[Data entries]
[Start of section]

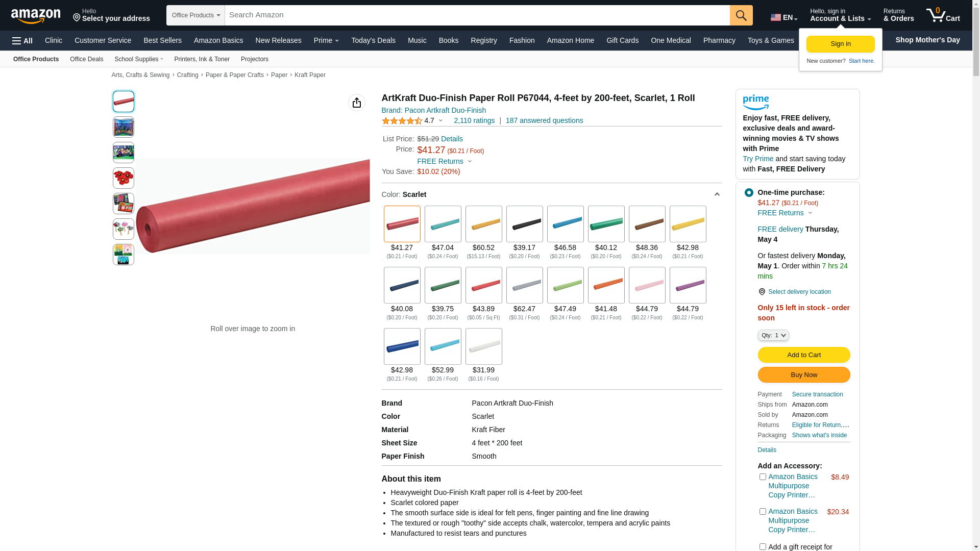Pacon Artkraft Duo-Finish ArtKraft Duo-Finish Paper Roll P67044, 4-feet by 200-feet, Scarlet, 1 Roll
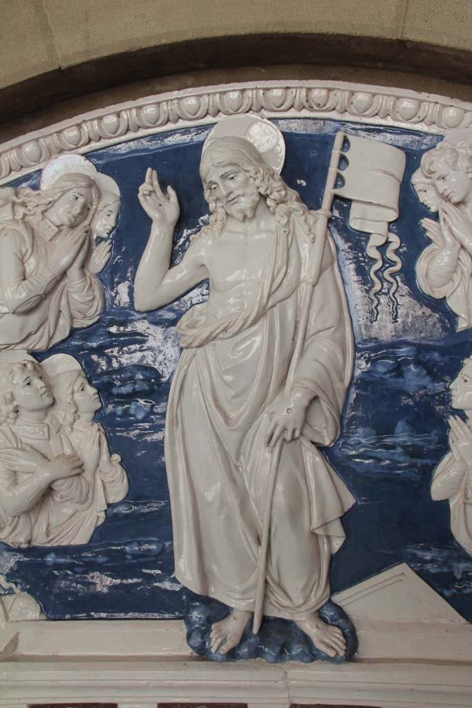 Sulla lunetta dedicata alla Resurrezione è stato necessario rimuovere con acetone anche lo strato di vernice ingiallita. Come nell’altra lunetta anche in questa sono state utilizzate resine acriliche fluorurate per effettuare consolidamenti puntuali in prossimità delle fratture e nelle zone in cui la terracotta era a vista, a cui è seguita la stuccatura eseguita con stucco acrilico a livello della superficie originale.
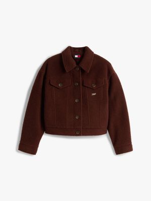 Bring effortless cool to outfits with this trucker jacket, crafted from a wool blend with a serif script logo plaque.
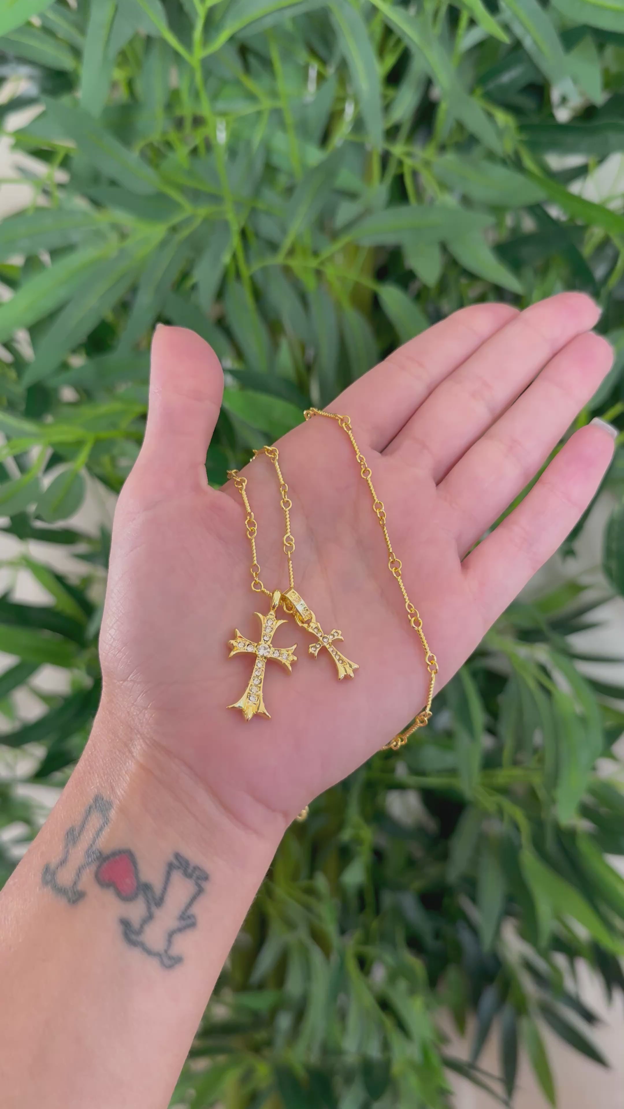 Collana in metallo dorato lucido con catena sottile a maglie lavorate e due pendenti a croce stile gotico, uno più grande e uno più piccolo, entrambi impreziositi da cristalli luminosi incastonati. Un gioiello elegante e d’impatto, perfetto per completare look raffinati o dare un tocco luxury agli outfit quotidiani.
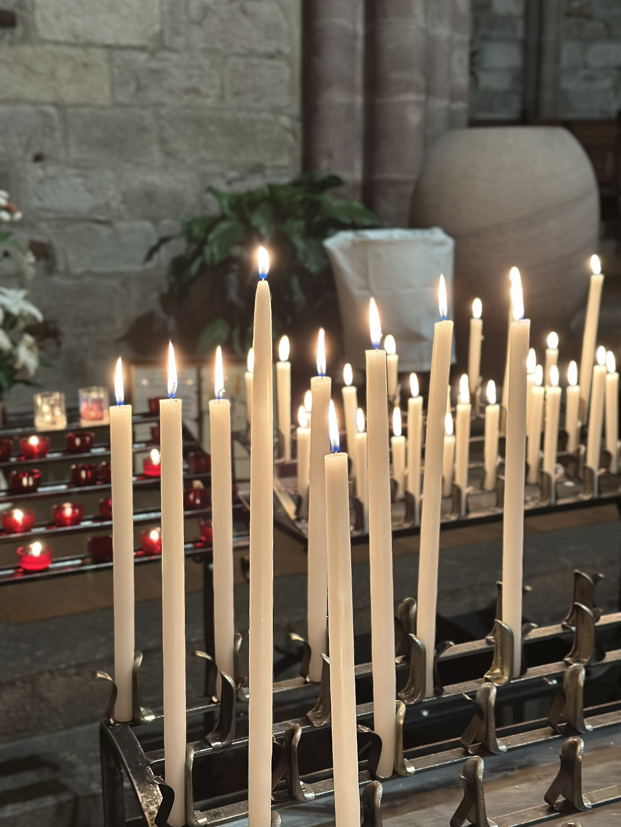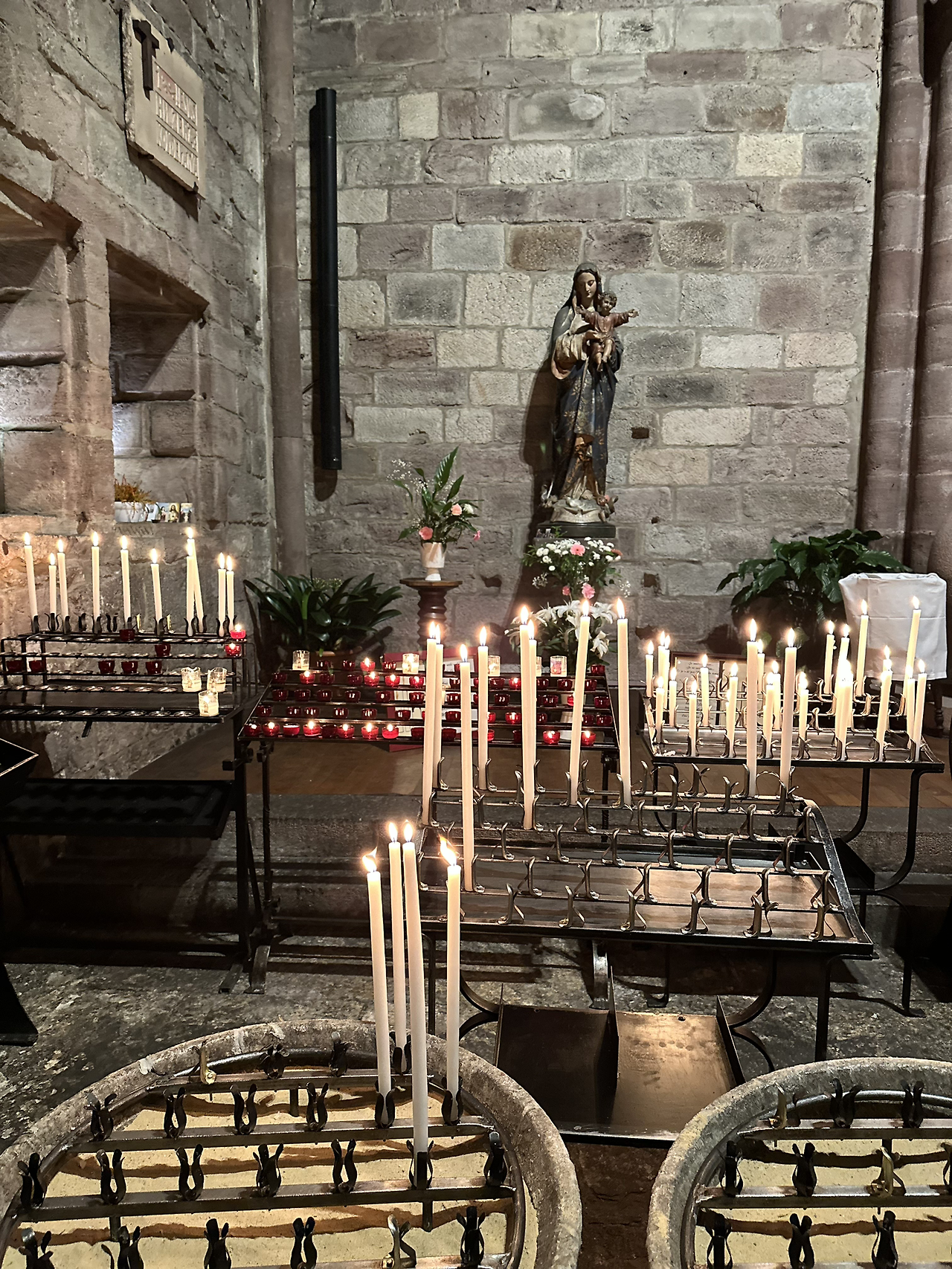 식사를 하고 장 베누아는 집으로, 나와 조세와 미셸린 셋은 우리들의 알베르게가 위치한 순례자 사무실 쪽으로 걸음을 옮겼다. 다행히 무거웠던 비도 많이 잦아들었고, 우리는 술과 많은 대화와 뿌듯했던 8일간의 동고동락했던 기억과 함께 프랑스 생장에서의 아쉬운 마지막 밤을 보내고 있었다. 언덕이 시작하는 마을 가운데 자리한 노트르담 성당이 보이자 조세가 제스처로 이곳에 잠깐 들어가자며 평소와 다르게 성큼성큼 앞장을 서서 들어가신다. 성당의 가장 앞쪽까지 들어간 우리는 봉헌촛대들을 마주했는데 조세가 헌금을 하고 새 초를 하나 가져오더니 “새로운 가족을 위해서(Pour une nouvelle famille)“라고 말하며 다 함께 불을 밝히자고 하셨다. 셋이 긴 촛대를 잡고 같이 불을 붙이고 적당한 자리를 찾아 우리의 초를 세워 놓았다. 서로의 마음이 자연스럽게 전해져 우리 셋 모두의 눈에는 이미 눈물이 한가득 고여있었다. 다 같이 손을 잡고 기도를 했다. 나는 ‘봉사를 위해 찾은 이곳에서 이렇게 사랑 많은 어른들을 만나게 해 주셔서 감사합니다. 앞으로 더 큰 사랑을 베풀고 살 수 있게 도와주세요.’라고 기도를 올렸다. 서로 안아주고 셋이 손을 꼭 붙잡고 알베르게 앞까지 천천히 걸어 나가는데 마음이 따뜻함으로 벅찼다. 아무 말 안 해도 서로에 대한 애정과 이 작은 인연이 준 깊은 행복에 그저 감사한 마음만이 넘쳤다.
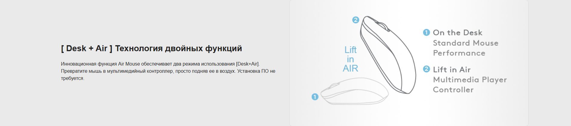 Технология двойных функций предусматривает возможность использовать мышь в качестве мультимедийного контроллера. В этом случае мышью будет удобно управлять приложениями на смарт-телевизоре.
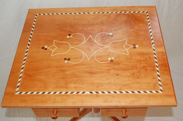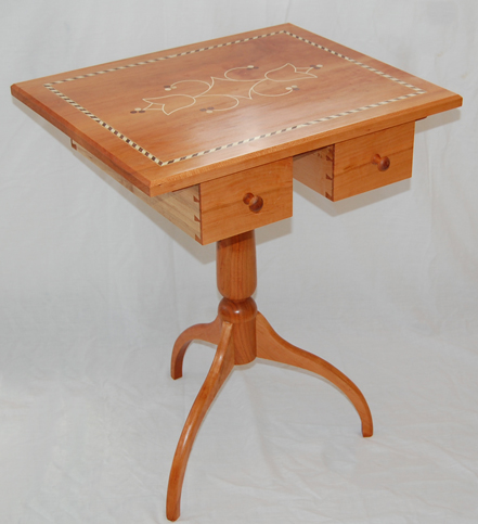 Shaker style sewing table Table is made of cherry and maple. Table top is inlayed with line and berry design.The drawers are made with hand cut dovetails and are accessible from either side of the table. 27.5" H x 21.5" W x 18" D |
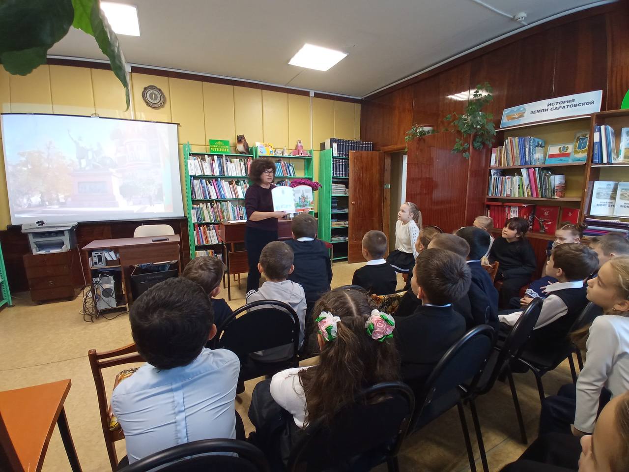 В преддверии праздника в центральной детской библиотеке для ребят 2 класса Мокроусской школы им. З.К. Пряхиной (кл. руководитель Приймак О.А.) провели патриотический час «Славься Русь - Отечество мое!». Знакомство с праздником началось с виртуального путешествия в столицу нашей Родины, где учащиеся посетили главную достопримечательность Москвы - Красную площадь, на которой стоит памятник Кузьме Минину и Дмитрию Пожарскому. Затем перенеслись в прошлое, в стародавние времена, чтобы понять, как праздник Дня народного единства связан с этими людьми. Ребята узнали, как Кузьма Минин и Дмитрий Пожарский сумели поднять весь народ на защиту своей земли и объединив его, победили врага. Именно единение помогло справиться с коварным врагом. Теперь день освобождения Москвы от захватчиков празднуется, как День народного единства. Когда народ един - он непобедим! Познакомившись с историей нашей страны, ребята вернулись в сегодняшнее время и рассказали о государственных символах России. А также полюбовались красотами нашей необъятной Родины, от крайнего севера до теплого юга. И как бы далеко мы не жили друг от друга: на севере, юге, западе или востоке - всех нас объединяет такая замечательная страна –Россия. Мы вместе, мы едины, мы дружны, а значит мы сильные.
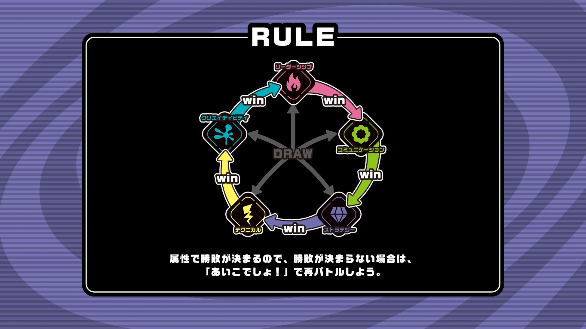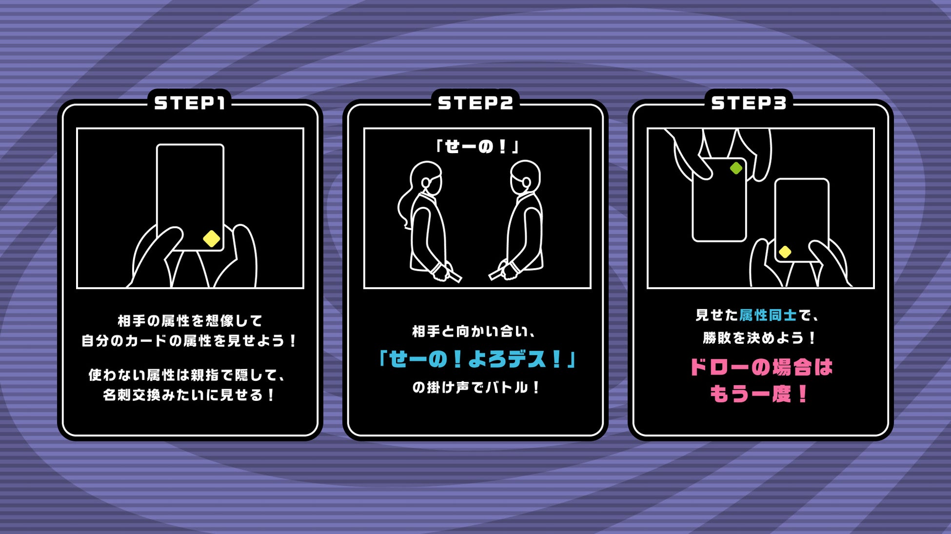 ビジネスマンの武器である顔と名刺・・・。これらの情報のみでAIがあなたをキャラクターに変身させ、その場でトレーディングカードにするAI生成エンターテインメントコンテンツです。キャラクターにはそれぞれ「炎:リーダーシップ (Leadership)」「水:クリエイティビティ (Creativity)」「地:ストラテジー (Strategy)」「雷:テクニカル (Technical)」「草:コミュニケーション (Communication)」の属性が名刺や顔情報から与えられ、その属性を使ってキャラクター同士カードバトルさせて楽しむことができます。掛け声は・・・「せーの!よろデス!」
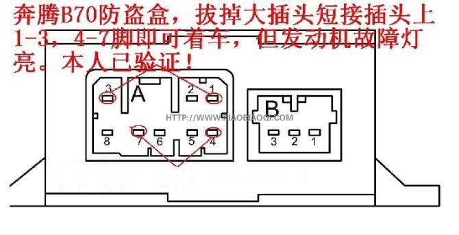 短接防盜盒1-3,和4-7腳,和3-5,1-4腳即可應急解除防盜,兩種方法到底那個正確。有很多人有爭議,本人剛開始也有爭議,但是仔細的看過電路圖后明白了,兩種方法都可用,兩種方法區別就在于1腳和5腳,看電路圖你將會明白1號角是蓄電池長電,而5號角是開關過來的電,也就是說給3號角一個12V電,就行得通,本人成功短接過1-3,4-7腳,車子可以啟動的。下面有圖看了你就會明白了,至于這個方法適用于什么車型,只針對新款帶防盜盒子的車.
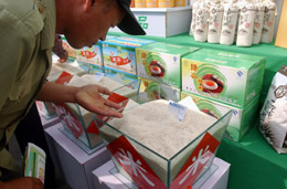 8月8日,黑龍江省慶安縣農特產品展銷會上,一位中年人在查看散裝大米。當日,兩年一度的綠色食品節在黑龍江省綏化市慶安縣拉開帷幕。綠色食品節期間舉行了農特產品展銷會,數萬人穿梭于展銷街上了解商品行情,不少農戶還借機尋找發展商機。
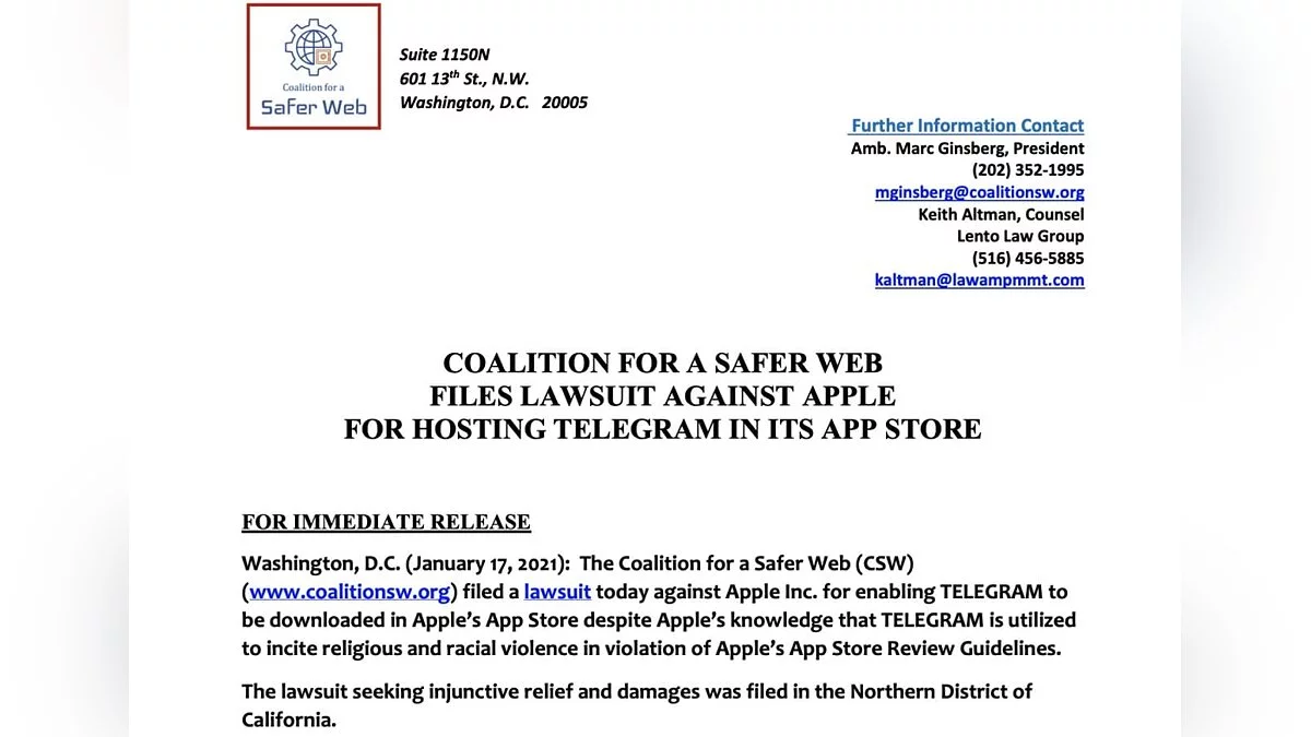 Американская некоммерческая организация «Коалиция за более безопасный интернет» (Coalition for a Safer Web) подала иск против компании Apple и потребовала удалить мессенджер Telegram из App Store.

[End of section]

## Problem to work on:
Reproduce exactly the lines from the one containing "В преддверии праздника" through the last line of the records, both included, leaving out every picture.

## Completed exercise:
 В преддверии праздника в центральной детской библиотеке для ребят 2 класса Мокроусской школы им. З.К. Пряхиной (кл. руководитель Приймак О.А.) провели патриотический час «Славься Русь - Отечество мое!». Знакомство с праздником началось с виртуального путешествия в столицу нашей Родины, где учащиеся посетили главную достопримечательность Москвы - Красную площадь, на которой стоит памятник Кузьме Минину и Дмитрию Пожарскому. Затем перенеслись в прошлое, в стародавние времена, чтобы понять, как праздник Дня народного единства связан с этими людьми. Ребята узнали, как Кузьма Минин и Дмитрий Пожарский сумели поднять весь народ на защиту своей земли и объединив его, победили врага. Именно единение помогло справиться с коварным врагом. Теперь день освобождения Москвы от захватчиков празднуется, как День народного единства. Когда народ един - он непобедим! Познакомившись с историей нашей страны, ребята вернулись в сегодняшнее время и рассказали о государственных символах России. А также полюбовались красотами нашей необъятной Родины, от крайнего севера до теплого юга. И как бы далеко мы не жили друг от друга: на севере, юге, западе или востоке - всех нас объединяет такая замечательная страна –Россия. Мы вместе, мы едины, мы дружны, а значит мы сильные.
 ビジネスマンの武器である顔と名刺・・・。これらの情報のみでAIがあなたをキャラクターに変身させ、その場でトレーディングカードにするAI生成エンターテインメントコンテンツです。キャラクターにはそれぞれ「炎:リーダーシップ (Leadership)」「水:クリエイティビティ (Creativity)」「地:ストラテジー (Strategy)」「雷:テクニカル (Technical)」「草:コミュニケーション (Communication)」の属性が名刺や顔情報から与えられ、その属性を使ってキャラクター同士カードバトルさせて楽しむことができます。掛け声は・・・「せーの!よろデス!」
 短接防盜盒1-3,和4-7腳,和3-5,1-4腳即可應急解除防盜,兩種方法到底那個正確。有很多人有爭議,本人剛開始也有爭議,但是仔細的看過電路圖后明白了,兩種方法都可用,兩種方法區別就在于1腳和5腳,看電路圖你將會明白1號角是蓄電池長電,而5號角是開關過來的電,也就是說給3號角一個12V電,就行得通,本人成功短接過1-3,4-7腳,車子可以啟動的。下面有圖看了你就會明白了,至于這個方法適用于什么車型,只針對新款帶防盜盒子的車.
 8月8日,黑龍江省慶安縣農特產品展銷會上,一位中年人在查看散裝大米。當日,兩年一度的綠色食品節在黑龍江省綏化市慶安縣拉開帷幕。綠色食品節期間舉行了農特產品展銷會,數萬人穿梭于展銷街上了解商品行情,不少農戶還借機尋找發展商機。
 Американская некоммерческая организация «Коалиция за более безопасный интернет» (Coalition for a Safer Web) подала иск против компании Apple и потребовала удалить мессенджер Telegram из App Store.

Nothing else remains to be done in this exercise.